Aku merindukan sebuah rumah. Tempat, di mana aku bisa menumpahkan keluh kesah, gelisah, resah. Aku merindukan sebuah rumah. Tempat, di mana aku bisa bercerita bebas gembira, ceria, tertawa. Aku merindukan sebuah rumah. Tempat, di mana jiwaku mampu kubenamkan dan terbitkan sesuka hati.

Aku merindukan rumah. Masa, di mana aku bisa memberitahukan apa yang aku inginkan kepada Ayah dan Ibuku. Segala yang aku mau. Sama seperti saat aku kecil. Aku merindukan di mana aku bisa bermain bola di halaman rumahku, bermain tenis meja, mendirikan tenda bersama teman-temanku. Tertawa. Hanya Tertawa.

Aku sangat merindukan sebuah rumah. Tempat, di mana aku dan adikku suka berebut mainan. Aku membuatnya kesal, dia membuatku kesal. Kita menjadi menyebalkan! Rumah. Tempat, di mana aku bisa membawa teman-temanku bermain di rumahku, membawa pacar ke rumahku dengan perasaan bebas.

Aku merindukan kolam ikan yang berada di depan rumahku yang terdapat pos ronda di sebelahnya.
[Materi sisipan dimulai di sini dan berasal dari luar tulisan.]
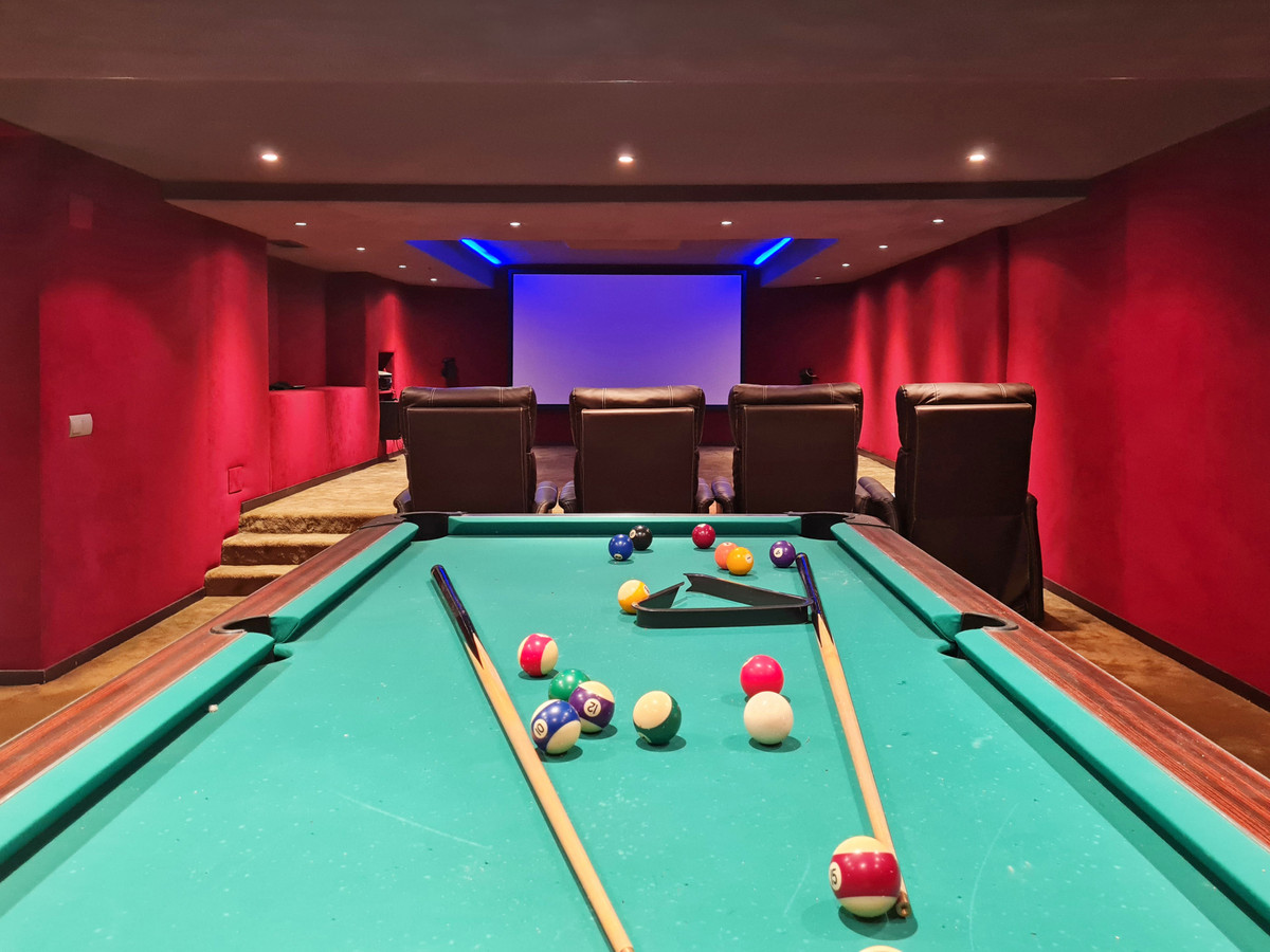 The lower level offers two additional bedrooms and an entertainment area with a home cinema. Outside, the lush garden is a private oasis, featuring a stunning pool with a sun deck, and ample space for relaxation.

Dan aku suka bermain gitar sekaligus bernyanyi di sana. Aku rindu membuat puisi abal-abal di kamar rumahku  dengan suasana sepi, damai, dan menenangkan. Di rumahku, aku dapat memandang purnama di bawah pohon mangga dengan telanjang. Sesekali makhluk astral tampak dengan lancang menggoda adik dan teman-temanku. Meski aku agak ragu dengan kisah itu.

Di rumahku, pasar yang terbakar pun bisa terlihat jelas. Api berkobar disertai asap pekat memangsa udara sebagai tanda bahwa zat kimia telah berubah menjadi monster tak berbentuk. Serupa lukisan abstrak yang bertinta gelap dan abu.

Suatu kali saat aku kecil aku pernah membakar gabus di belakang rumahku yang memotivasi kebakaran jika para tetanggaku tak sigap siaga membanjiri api dengan air. Padahal saat itu aku hanya ingin bermain. Pikiranku begitu bebas, tak memikirkan konsekuensi. Lepas begitu saja.

Warna dinding keramik yang hijau. Pagar hijau. Barisan pepohonan yang juga hijau di belakang. Atap yang tidak jarang digerogoti tikus. Suara-suara langkah kaki yang aneh jika malam menangkap. Aku merindukannya. Saat hujan datang, aku selalu merasa nyaman berada di kamar rumahku. Terlebih jika engkau juga hadir bersamaku.